Problem details
Exclude the pictures; give every entry again exactly as written.

Material to process
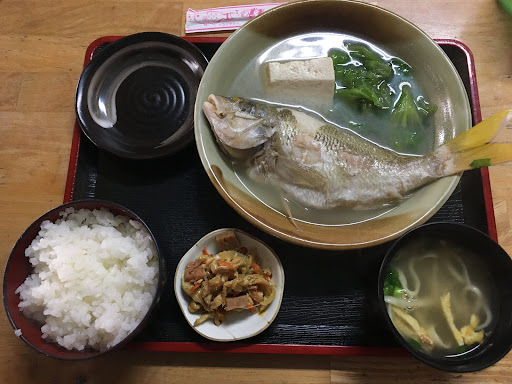 A local restaurant with a very cheerful lady serving us good value local food. The provide varies set meal including Soba noodles, Sashimi bowls, Whole fish cooked in different way, etc. At the beginning she served each of us a glass of chilled barley tea, which is very considerate in a hot summer weather. The food is delicious too! The terrace is full of shell-made crafts including a heart-shape hanging decoration and the lady encouraged us to take photo there! There are many decorations made with shells as well in...
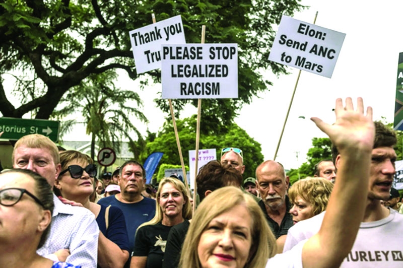 White South Africans supporting US President Donald Trump and South African and US tech billionaire Elon Musk gather in
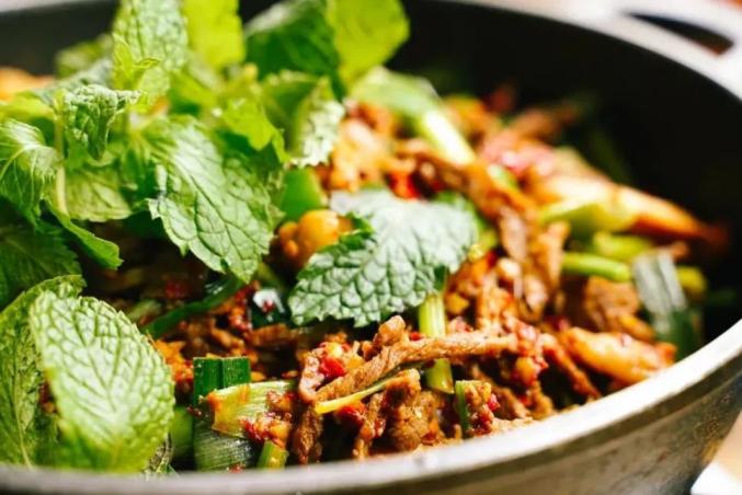 虾与辣椒发酵出的产物,叫虾酸,有接近于虾酱的浓缩海鲜气息。当充满韧性的牛肉与风味独特的虾酸相遇,一闻一看便口齿生津。鱼包韭菜
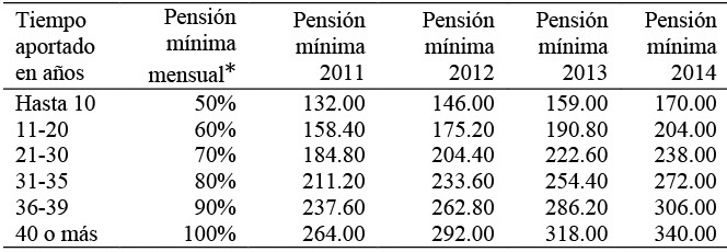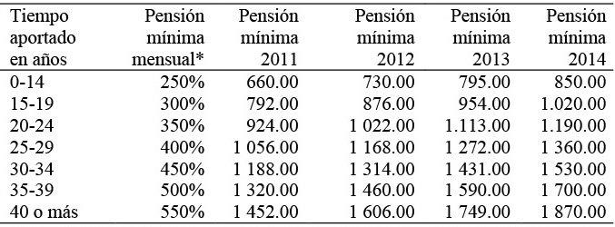 Las pensiones mínimas y máximas de vejez se establecen de acuerdo con el número de años de aportación en proporción al salario básico unificado mínimo del trabajador en régimen general, cuya cuantía en el periodo 2011-2014 se recoge en la Tabla 4.
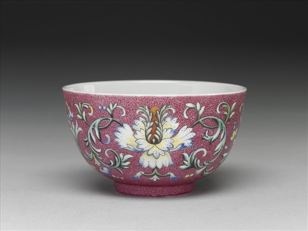 敞口,弧壁,矮圈足。器內壁為白地,光素無紋,外壁紫紅地上錐剔卷草紋,口沿與足底留白一周,隙地加飾彩繪折枝洋花三朵,兩側飾對稱綠葉,枝葉捲曲柔軟,錯落有致。器底為白地,以青花書「大清乾隆年製」六字三行篆款,青花色澤淺淡。於錦地隙處繪飾花紋之技法又稱為「錦上添花」,為乾隆朝琺瑯彩瓷常見之技法。
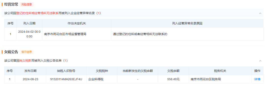 存在其他問題的公司還有不少。例如同樣在B站投放相親類廣告的碼甲科技(南京)有限公司,一方面存在註冊資本偏低、實繳資金不足等瑕疵,另一方面還存在欠税、註冊地存在異常等情況。
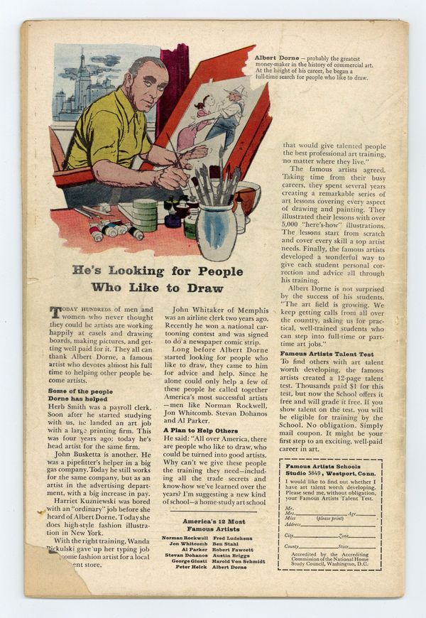 Ends Jan 26 9:33 PM CST Bid History 21 bids Current Bid $41 Your Secret Max Bid If you'd like to bid, please log in or register. Cover pencils by Jack Kirby, inks by Dick Ayers. The Human Torch stars in "The Sorcerer and Pandora's Box," script by Stan Lee (plot) and Robert Bernstein [as R. Berns] (script), pencils by Jack Kirby, inks by Dick Ayers; The Human Torch fights a sorcerer that unleashes the evils imprisoned in Pandoras Box for his own profit; Fantastic Four guest appearance. "The Comic" text story. "Earth Is Off-Limits!", script by Stan Lee, art by Steve Ditko; Space explorers discover life on a far off planet, but mission control panics at the thought of alien germs loose on Earth and so forbids them to return. "Time Was...", script by Stan Lee (plot) and Larry Lieber (script), pencils by Larry Lieber, inks by Sol Brodsky; A scientist builds a time machine and travels to prehistoric times; When he kills an attacking caveman he unknowingly kills his own human ancestor, meaning that he becomes a Neanderthal. 36 pgs., full color. Cover price $0.12.
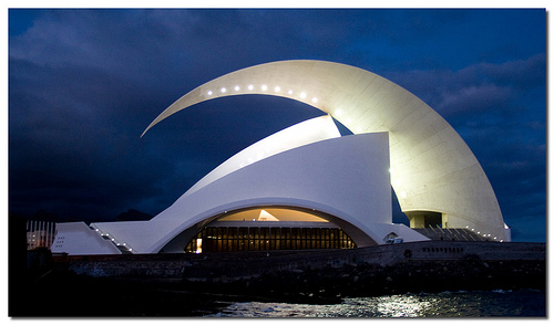 Auditorijum na Tenerifima, projektovan i izgrađen između 1991. i 2003. godine, jeste među najmanje racionalnim Kalatravinim projektima, njegov najorganski simbolični rad, koji iziskuje isti "vau" efekat ali drugačijim sredstvima. Za razliku od drugih prikazanih i izloženih građevina, struktura na Tenerifima nije čitljiva. Nema kablova, stubova, ili strukturalnih mreža koji su vidljivi.
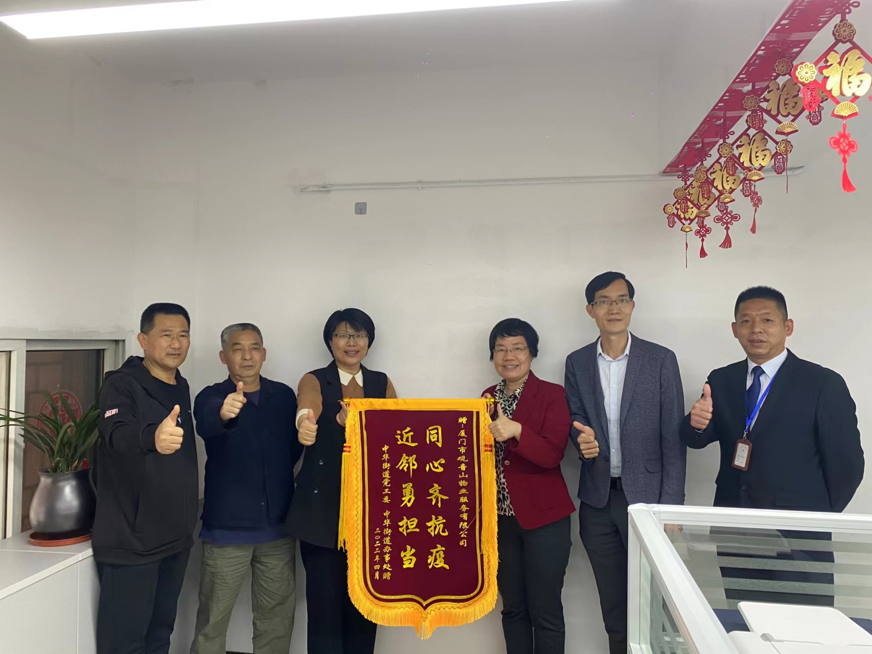 4月20日下午,中華街道黨工委副書記、街道辦主任王雪梅率街道四級調(diào)研員嚴(yán)開松、黨政辦負(fù)責(zé)人蘇江圳一行給思明控股觀音山物業(yè)所屬中山路服務(wù)中心送上錦旗和慰問信,感謝思明控股集團觀音山物業(yè)中山路服務(wù)中心團隊全力配合協(xié)助街道疫情防控工作,對團隊致以崇高的敬意和衷心的感謝。
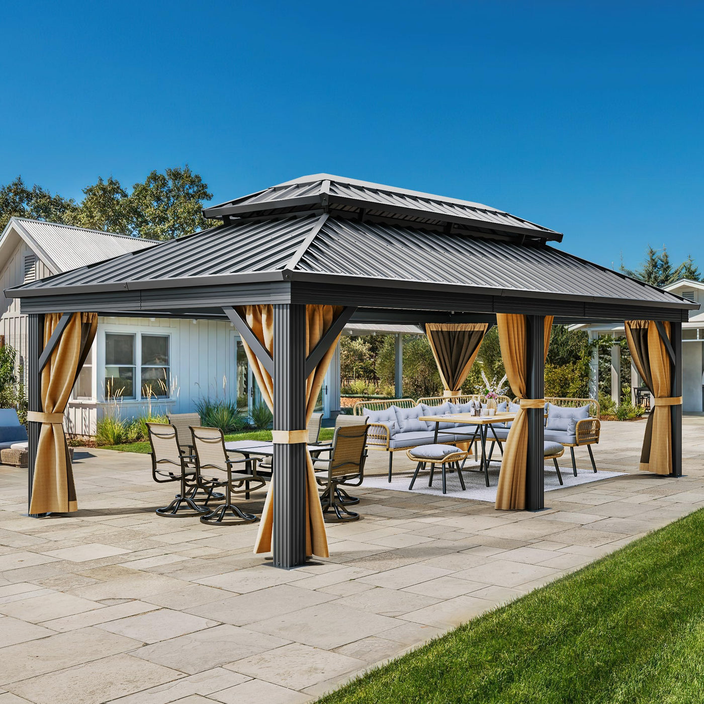 12X18 Ft Gazebo Double Roof Hardtop With Nettings And Curtains, Outdoor Heavy Duty Galvanized Steel Gazebo Permanent Aluminum Frame Structure Outdoor Netting Privacy Polyester Fabric Curtains Backyard Garden Lawns Deck Events Parties Sun Shade Shelter Patios

Expected answer
 A local restaurant with a very cheerful lady serving us good value local food. The provide varies set meal including Soba noodles, Sashimi bowls, Whole fish cooked in different way, etc. At the beginning she served each of us a glass of chilled barley tea, which is very considerate in a hot summer weather. The food is delicious too! The terrace is full of shell-made crafts including a heart-shape hanging decoration and the lady encouraged us to take photo there! There are many decorations made with shells as well in...
 White South Africans supporting US President Donald Trump and South African and US tech billionaire Elon Musk gather in
 虾与辣椒发酵出的产物,叫虾酸,有接近于虾酱的浓缩海鲜气息。当充满韧性的牛肉与风味独特的虾酸相遇,一闻一看便口齿生津。鱼包韭菜
 Las pensiones mínimas y máximas de vejez se establecen de acuerdo con el número de años de aportación en proporción al salario básico unificado mínimo del trabajador en régimen general, cuya cuantía en el periodo 2011-2014 se recoge en la Tabla 4.
 敞口,弧壁,矮圈足。器內壁為白地,光素無紋,外壁紫紅地上錐剔卷草紋,口沿與足底留白一周,隙地加飾彩繪折枝洋花三朵,兩側飾對稱綠葉,枝葉捲曲柔軟,錯落有致。器底為白地,以青花書「大清乾隆年製」六字三行篆款,青花色澤淺淡。於錦地隙處繪飾花紋之技法又稱為「錦上添花」,為乾隆朝琺瑯彩瓷常見之技法。
 存在其他問題的公司還有不少。例如同樣在B站投放相親類廣告的碼甲科技(南京)有限公司,一方面存在註冊資本偏低、實繳資金不足等瑕疵,另一方面還存在欠税、註冊地存在異常等情況。
 Ends Jan 26 9:33 PM CST Bid History 21 bids Current Bid $41 Your Secret Max Bid If you'd like to bid, please log in or register. Cover pencils by Jack Kirby, inks by Dick Ayers. The Human Torch stars in "The Sorcerer and Pandora's Box," script by Stan Lee (plot) and Robert Bernstein [as R. Berns] (script), pencils by Jack Kirby, inks by Dick Ayers; The Human Torch fights a sorcerer that unleashes the evils imprisoned in Pandoras Box for his own profit; Fantastic Four guest appearance. "The Comic" text story. "Earth Is Off-Limits!", script by Stan Lee, art by Steve Ditko; Space explorers discover life on a far off planet, but mission control panics at the thought of alien germs loose on Earth and so forbids them to return. "Time Was...", script by Stan Lee (plot) and Larry Lieber (script), pencils by Larry Lieber, inks by Sol Brodsky; A scientist builds a time machine and travels to prehistoric times; When he kills an attacking caveman he unknowingly kills his own human ancestor, meaning that he becomes a Neanderthal. 36 pgs., full color. Cover price $0.12.
 Auditorijum na Tenerifima, projektovan i izgrađen između 1991. i 2003. godine, jeste među najmanje racionalnim Kalatravinim projektima, njegov najorganski simbolični rad, koji iziskuje isti "vau" efekat ali drugačijim sredstvima. Za razliku od drugih prikazanih i izloženih građevina, struktura na Tenerifima nije čitljiva. Nema kablova, stubova, ili strukturalnih mreža koji su vidljivi.
 4月20日下午,中華街道黨工委副書記、街道辦主任王雪梅率街道四級調(diào)研員嚴(yán)開松、黨政辦負(fù)責(zé)人蘇江圳一行給思明控股觀音山物業(yè)所屬中山路服務(wù)中心送上錦旗和慰問信,感謝思明控股集團觀音山物業(yè)中山路服務(wù)中心團隊全力配合協(xié)助街道疫情防控工作,對團隊致以崇高的敬意和衷心的感謝。
 12X18 Ft Gazebo Double Roof Hardtop With Nettings And Curtains, Outdoor Heavy Duty Galvanized Steel Gazebo Permanent Aluminum Frame Structure Outdoor Netting Privacy Polyester Fabric Curtains Backyard Garden Lawns Deck Events Parties Sun Shade Shelter Patios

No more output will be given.